STLplus iterators are slightly different to STL iterators in that they know which container they belong to. When an iterator is first declared, but not assigned to, it is known as a null iterator. Then, when it is assigned to so that it points to a value in the hash, it is known as a valid iterator. If the iterator is made to point off the end of the hash - for example by incrementing to the value returned by the end() method above, then it becomes an end iterator.

This concept is similar to STL iterators like the list iterator, where an iterator that walks off the end of the list becomes an end iterator. However, the STL has no concept of a null iterator and therefore no direct equivalent of a valid iterator.

The iterator has a set of functions for testing these conditions:

bool iterator::null(void) const;
bool iterator::end(void) const;
bool iterator::valid(void) const;

Note that these functions are members of the iterator class, not the hash class.

Exactly one of these conditions will always be true, since the iterator must be one of null, end or valid.

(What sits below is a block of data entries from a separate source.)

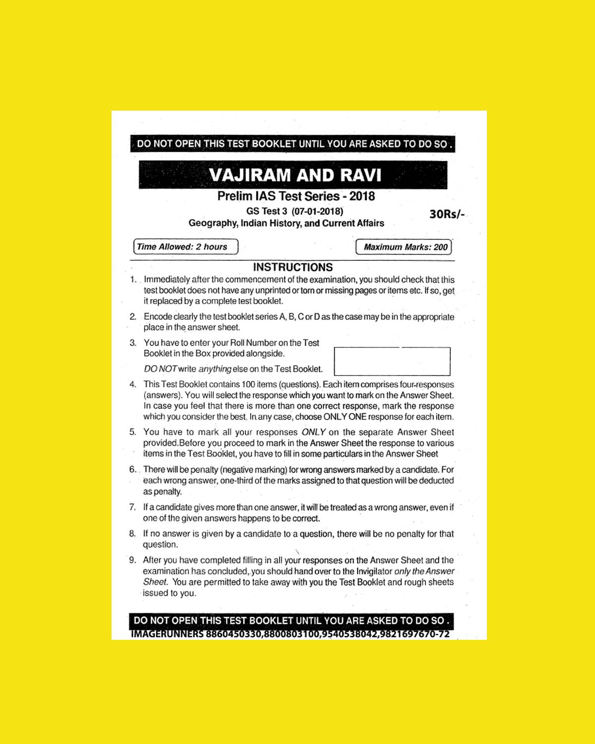 VAJIRAN AND RAVI-PRELIM IAS TEST SERIES-2018-G.S TEST-3-(17-1-2018)-GEOGRAPHY,INDIAN HISTORY AND CURRENT AFFAIRS quantity
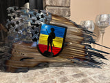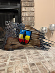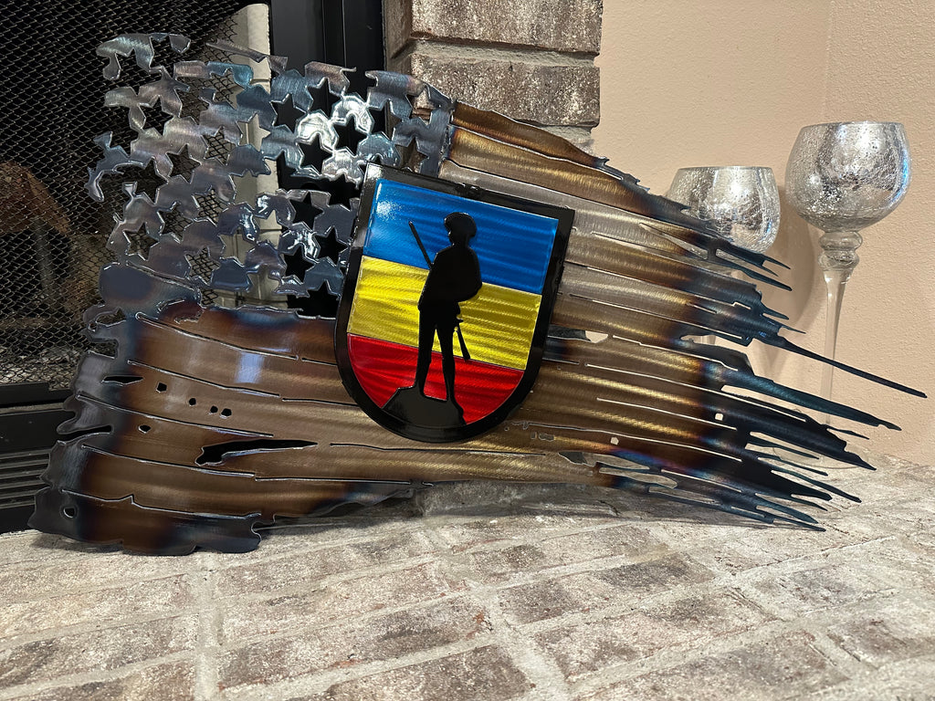 This beautiful handmade Tattered American Flag representing the Great United States Army was created using a skilled technique called heating. During this process, the metal will go through many stages and it's the detailed eye of the artist to be sure the desired colors are maintained without applying too much heat. The piece is perfect for any home decor setting.
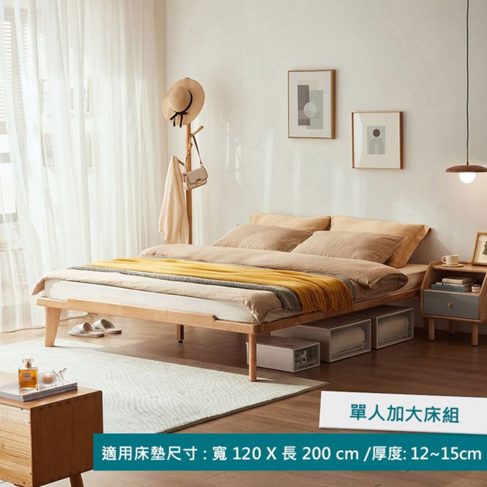 林氏木業北歐現代全實木無床頭單人加大120x200床架 PK3A (H014366177) product image 1
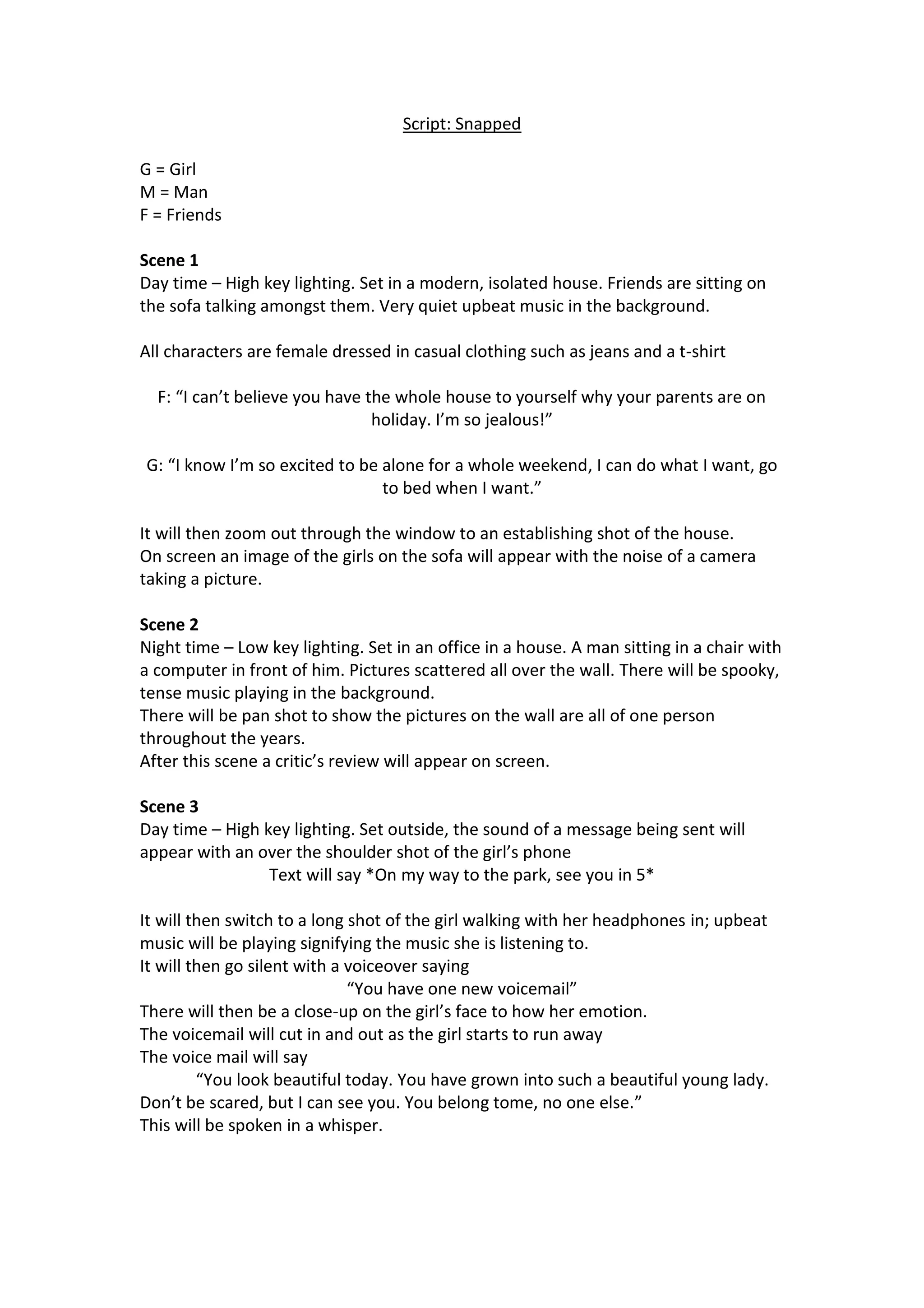 This document provides a scene-by-scene summary of a script for a thriller film titled "Snapped". The summary includes:

Only a valid iterator can be dereferenced to access the element pair pointed to by the iterator. Any attempt to dereference an end or null iterator will result in an exception being thrown. See the section below on Exceptions to see which.

Diagnostic Print Routines

A hash table is very sensitive to the hashing function and the number of bins in the hash. To help diagnose performance problems with the hash class, there is a diagnostic print routine with three forms: a member function and two friend functions:

void debug_report(std::ostream&) const;

This method prints out a table showing the number of elements in each bin and some summary statistics. The table looks like this:

------------------------------------------------------------------------
| size:     7
| bins:     20
| loading:  0.35 auto-rehash
| occupied: 7 (35.0%), min = 0, max = 1
|-----------------------------------------------------------------------
|  bin         0     1     2     3     4     5     6     7     8     9
|        ---------------------------------------------------------------
|      0 |     1     .     1     1     .     1     .     .     .     .
|     10 |     .     .     .     1     .     .     .     1     1     .
------------------------------------------------------------------------

The size field is the number of elements in the hash. The bins is the number of bins. Loading represents the ratio of elements to bins and indicates whether the hash is configured for auto or manual rehashing. The occupied field gives stats on the number of bins occupied as a number and as a percentage, followed by the minimum and maximum occupancy of any bin in the hash. Finally, the table reports the number if elements in each bin so that the distribution can be seen.

Exceptions

There are 4 exceptions that can be thrown by hash:

stlplus::null_dereference - logic_error
This is used to indicate that an iterator which is null has been dereferenced. You should always be sure that iterators are non-null before using the * or -> operators.
stlplus::end_dereference - logic_error
This is used to indicate that an iterator that is pointing to an end element has been dereferenced. In line with STL conventions, the end iterator points to the element after the last element in a container, so dereferencing such an iterator is illegal (the memory pointed to will be unconstructed).
stlplus::wrong_object - logic_error
This is used to indicate that an iterator which was created by one container has been used in a different container. For example, if you have two hash objects in your program, create an iterator from one hash and then use it in another, then this will throw the wrong_object exception.
std::out_of_range - logic_error
This is used to indicate that the const version of the index operator[] has been used to try to access a value using a key that was not found in the hash.

The first three exceptions are common to all STLplus iterators and are explained in the STLplus exceptions policy.